In many studies effects of variables on a dependent one are examined. A commonly used procedure to analyse such effects is regression analysis (or ANOVA in the case of factors), often with a elimination procedure such as stepwise backward elimination of variables. By this, different regression models are compared and the 'best' one selected, the one containing the 'important', i.e. the 'significant' variables. The selection of regression models is based on the calculated error probabilities. This procedure is problematic in different regard. It may not only lead to wrong conclusion, but it also lacks a theoretical foundation. It is based on hypothesis tests which only permit statements about the probability of occurrence of a certain event under the assumption of the validity of a certain hypothesis (the null hypothesis). No statements about hypotheses themselves are possible. Additionally, hypothesis tests in classical statistics are theoretically justified only for experimental procedures with control and treatment, including randomisation and replication. Often regression analyses are applied in studies dealing with many variables acting in a complex way and where it is not possible to isolate variables experimentally. In such studies as well as in the analysis of empirical data, testing null hypotheses are often not appropriate. Instead, comparing different models is the proper procedure. This is generally not possible with classical statistics. However, there are procedures available which enable to quantitatively compare models. In many research areas they are still rarely used, probably because many are unaware of the possibilities. If these notes contribute to making such procedures better known, it has served the main purpose.

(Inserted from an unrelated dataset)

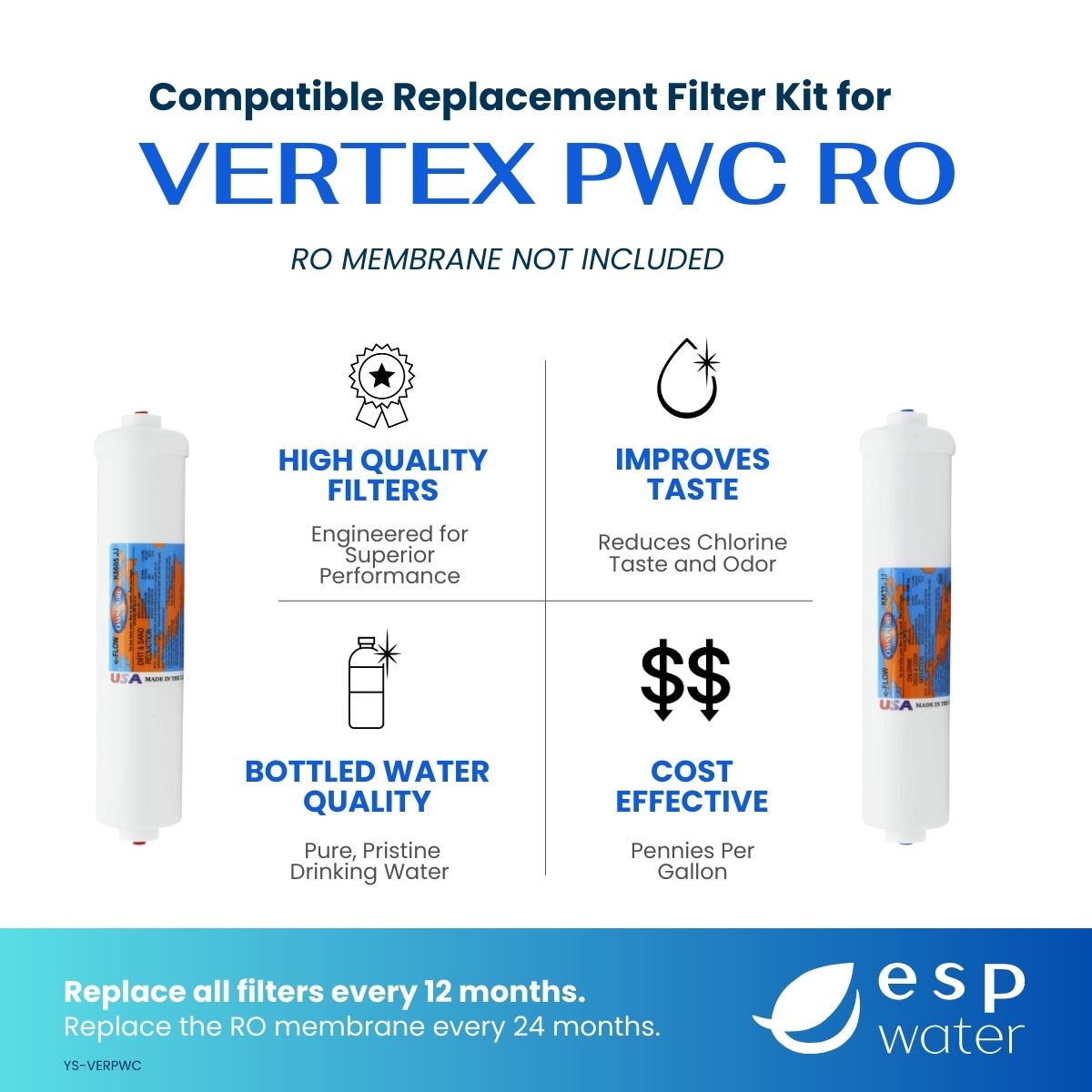 Filter Replacement Kit for Vertex PWC-400, PWC-500, PWC-600, PWC-1000, PWC-1010, PWC-1500, PWC-1800, and PWC-2000 Reverse Osmosis System (RO Membrane Sold Separately). Compatible with Vertex filter kit FK-104.

In order to be able to select the most suitable model from a set of models ('the best approximating model'), we need a quantitative parameter which permits to compare the quality of the different models. As noted above, error probabilities are not suitable. The coefficient of determination R2 (as adj. R2) is adequate in some simple cases only. However, different methods of model selection have been developed which provide suitable parameters. Beside others, some are based on Bayes statistics, others on mathematical information theory. The parameters derived from Bayes statistics are called CAIC, BIC, SIC, WIC or HQ for instance, those from information theory AIC, AICc, QAICc and TIC.
The information-theoretical approach using Akaike's information criterion (AIC and related ones) seems to be a very accessible and 'user-friendly' one, not least because of the excellent representation by Kenneth P. Burnham and David R. Anderson in their book Model selection and multimodel inference: A practical information-theoretic approach.
Models have to be formulated precisely for model selection procedures. Therefore it is necessary to deal carefully with the objects of research and the questions to be answered. The models are derived from the research hypotheses which should help to explain how the different measured variables work. They should illustrate postulated connections. Such models often become complex and different in their structure, resulting in 'non-nested' models, e.g. y = a + b*log(x); y = a(x/(b + x)). Traditional procedures like regression analysis can be used only for models derived from each other (nested models, such as y = ax1 + bx2 + c; y = ax1 + c). For the quantitative comparison of models of different structure we need procedures of model selection like the above mentioned ones.